Conversion tables for the Galois field  $\rm GF(2^3)$

(1)  The corresponding equation for syndrome calculation is:

$$\underline {s} \hspace{-0.15cm} \ = \ \hspace{-0.15cm} (s_0, s_1, s_2) = \begin{pmatrix} \alpha,0, \alpha^3,0, 1, \alpha,0 \end{pmatrix}\cdot \begin{pmatrix} 1 & 1 & 1 \\ \alpha^1 & \alpha^2 & \alpha^3 \\ \alpha^2 & \alpha^4 & \alpha^6 \\ \alpha^3 & \alpha^6 & \alpha^2 \\ \alpha^4 & \alpha^1 & \alpha^{5} \\ \alpha^5 & \alpha^{3} & \alpha^{1} \\ \alpha^6 & \alpha^{5} & \alpha^{4} \end{pmatrix} \hspace{0.05cm}.$$
  • The first element results in
$$s_0 \hspace{-0.15cm} \ = \ \hspace{-0.15cm} \alpha \cdot 1 + \alpha^3 \cdot \alpha^2 + 1 \cdot \alpha^4 + \alpha \cdot \alpha^5= \alpha + \alpha^5 + \alpha^4+ \alpha^6$$
$$\Rightarrow\hspace{0.3cm} s_0 \hspace{-0.15cm} \ = \ \hspace{-0.15cm} (\alpha) + (\alpha^2 + \alpha+ 1)+ (\alpha^2 + \alpha) + + (\alpha^2 + 1) = \alpha^2 + \alpha = \alpha^4\hspace{0.05cm}.$$
  • Correct is the  proposed solution 1.


(2)  Correspondingly,  for the second syndrome element,  the  proposed solution 2  applies accordingly:

$$s_1 \hspace{-0.15cm} \ = \ \hspace{-0.15cm} \alpha \cdot 1 + \alpha^3 \cdot \alpha^4 + 1 \cdot \alpha^1 + \alpha \cdot \alpha^3= \alpha + \alpha^7 + \alpha+ \alpha^4= 1 + \alpha^4 = \alpha^2 + \alpha + 1 = \alpha^5 \hspace{0.05cm}.$$


(3)  To calculate $s_2$,  the received word must be multiplied by the last matrix column:

$$s_2 \hspace{-0.15cm} \ = \ \hspace{-0.15cm} \alpha \cdot 1 + \alpha^3 \cdot \alpha^6 + 1 \cdot \alpha^5 + \alpha \cdot \alpha^1= \alpha + \alpha^2 + \alpha^5 + \alpha^2=\alpha^5 + \alpha = (\alpha^2 + \alpha + 1) + \alpha = \alpha^2 + 1 = \alpha^5 \hspace{0.05cm}.$$
  • Correct is the  proposed solution 3.


(4)  Due to the calculated syndrome   $\underline{s} = (\alpha^4, \, \alpha^5, \, \alpha^6) ≠ 0$,  the received word contains at least one symbol error   ⇒   $r > 0$.

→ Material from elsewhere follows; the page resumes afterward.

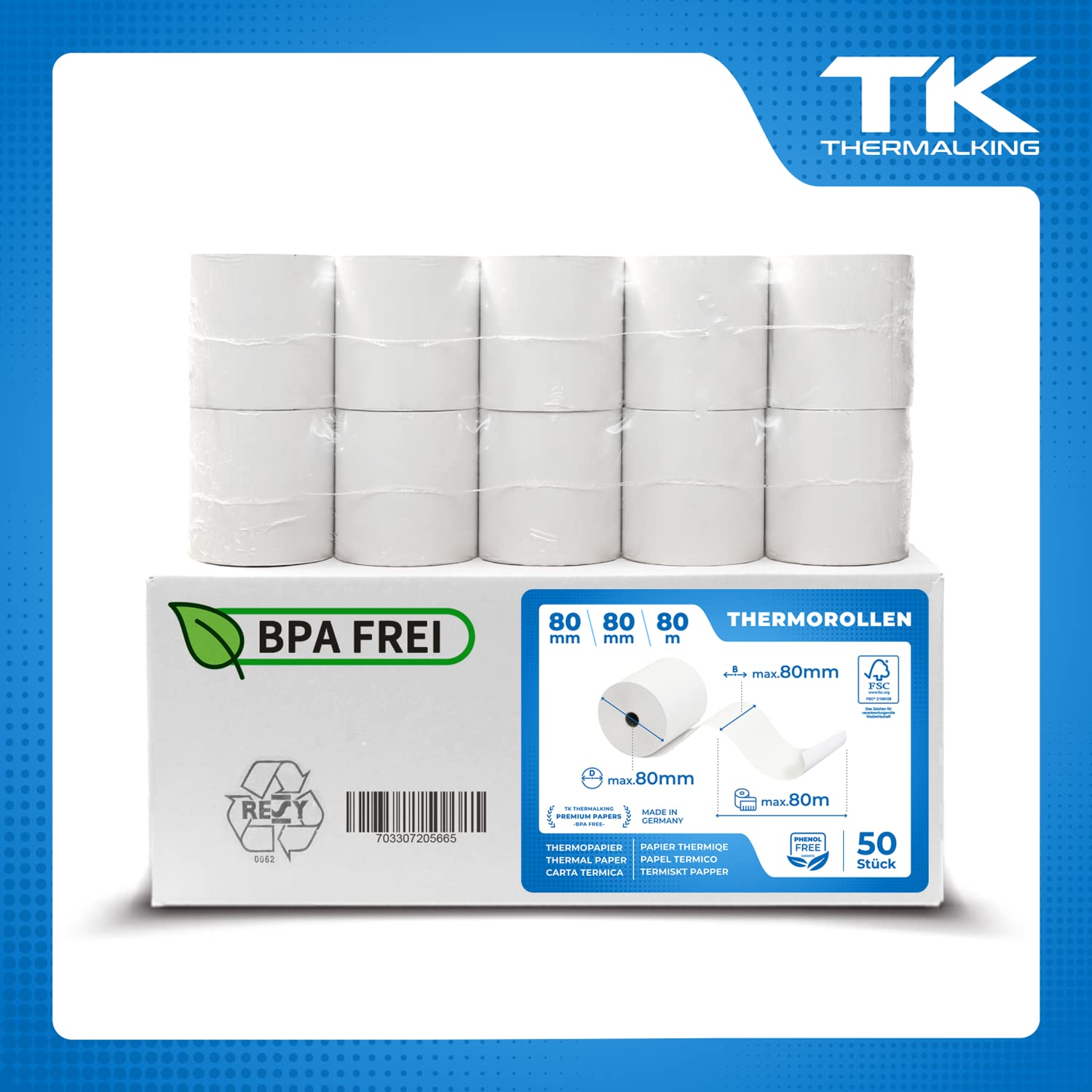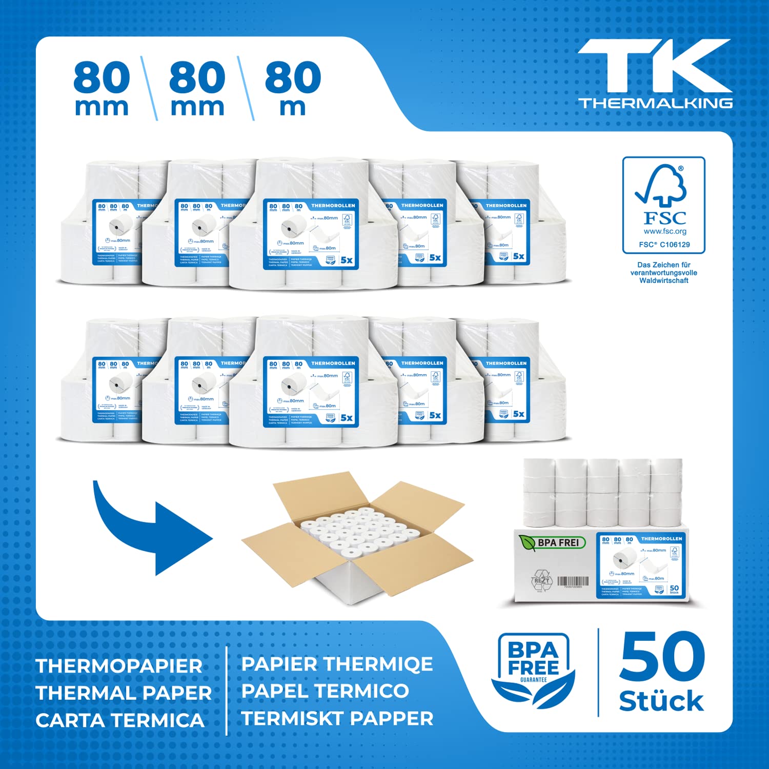 THERMALKING Thermorollen 80x80x12mm – Bonrollen Thermopapier

  • The present Reed–Solomon–code  $(7, \, 4, \, 4)_8 \ \Rightarrow \ d_{\rm min} = 4$  cannot correct more than  $t = ⌊d_{\rm min}/2⌋ = 1$  errors.
  • Since the received word can actually be decoded according to the specification   ⇒   $\underline{r = 1}$.
  • Without this specification  "The received word can be decoded",  this subtask would not be solvable.